WHAT IS EXPECTED:
All entries are to be printed again exactly, with their images omitted.

'''

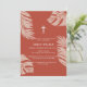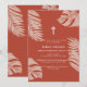 Elegant Terracotta Boho Leaves Cross Baptism Invitation
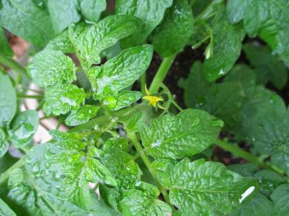 4月に種をまいたミニトマトですが,今日水やりに行くと・・・何と2つ花が咲いていました!!今年は雨の日が多く,なかなか花が咲かなかったので心配していましたが,やっと咲いて一安心です。
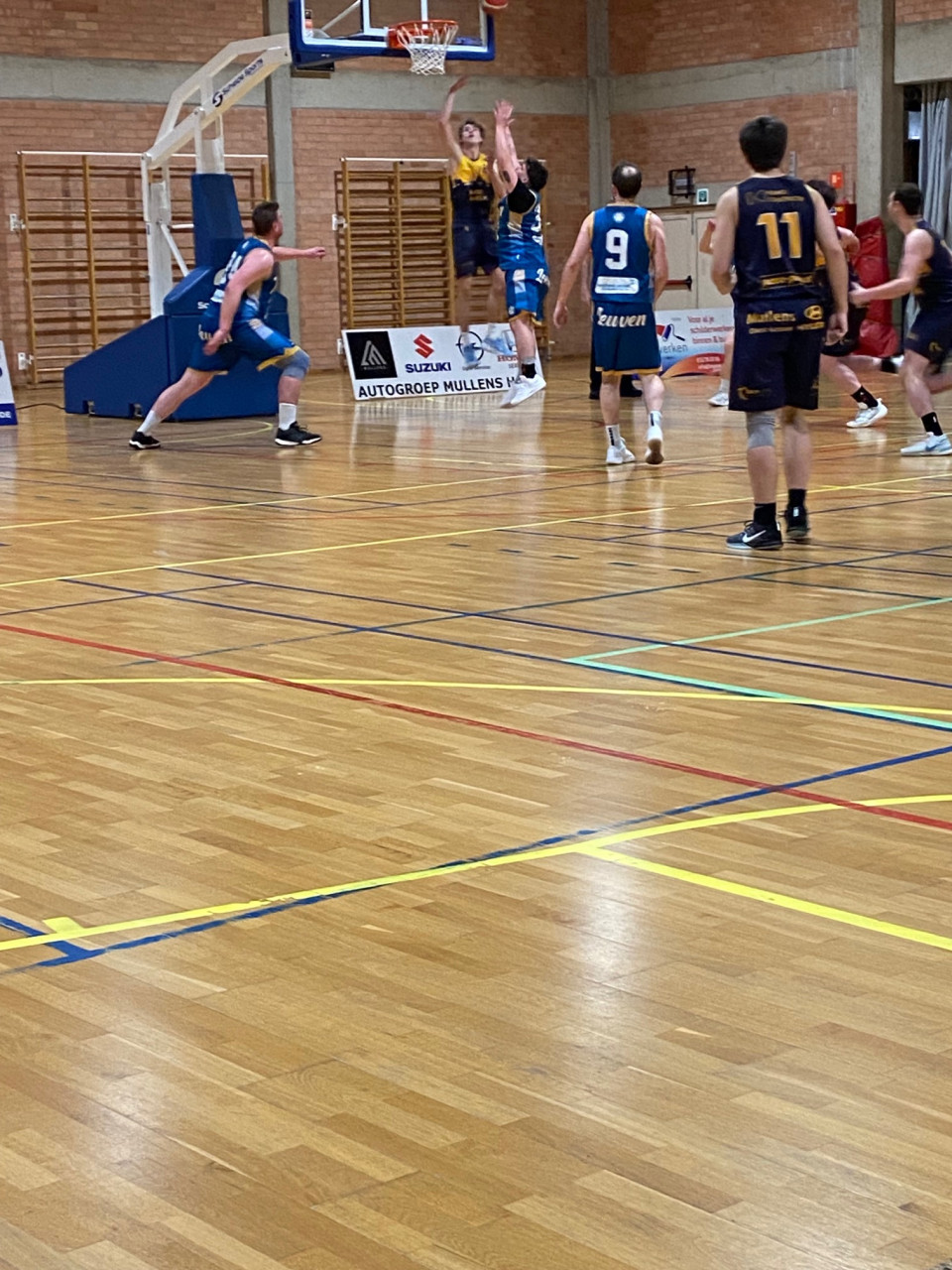 De wedstrijd was gespeeld. Enkele tussenstanden. Na 2 minuten 66-40, 2 minuten later 73-40. Nog 4 minuten wedstrijd, 78-44 op het bord. Via 82-46 eindigde de wedstrijd op 82-52.
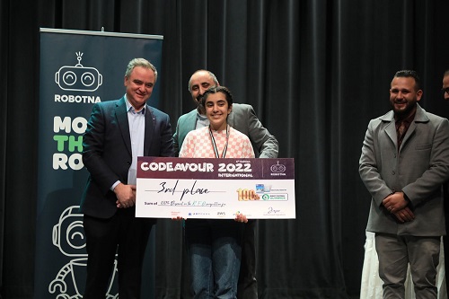 وقدمت روبوتنا خلال الحفل منحا تشجيعية للفائزين للمشاركة في أولمبياد كرة قدم الروبوتات الذي ستنفذه الشركة بالتعاون مع منظمة "بلان إنترناشونال".
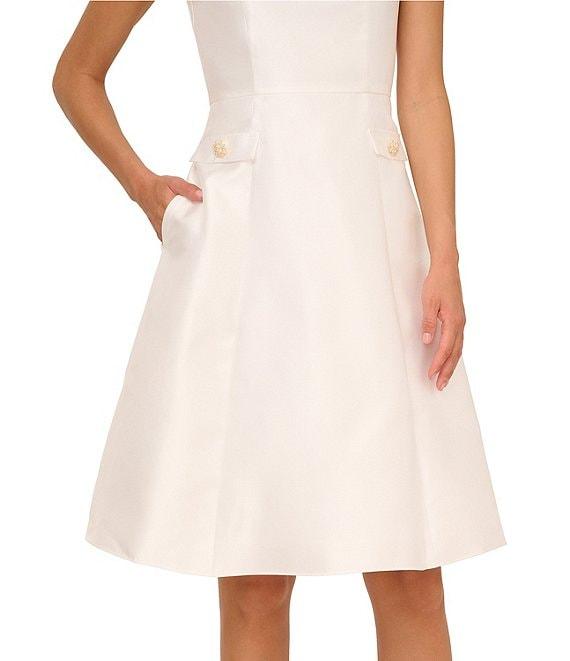 Adrianna Papell Mikado Boat Neck Button Sleeveless Midi Dress

'''

RESPONSE BOX:
 Elegant Terracotta Boho Leaves Cross Baptism Invitation
 4月に種をまいたミニトマトですが,今日水やりに行くと・・・何と2つ花が咲いていました!!今年は雨の日が多く,なかなか花が咲かなかったので心配していましたが,やっと咲いて一安心です。
 De wedstrijd was gespeeld. Enkele tussenstanden. Na 2 minuten 66-40, 2 minuten later 73-40. Nog 4 minuten wedstrijd, 78-44 op het bord. Via 82-46 eindigde de wedstrijd op 82-52.
 وقدمت روبوتنا خلال الحفل منحا تشجيعية للفائزين للمشاركة في أولمبياد كرة قدم الروبوتات الذي ستنفذه الشركة بالتعاون مع منظمة "بلان إنترناشونال".
 Adrianna Papell Mikado Boat Neck Button Sleeveless Midi Dress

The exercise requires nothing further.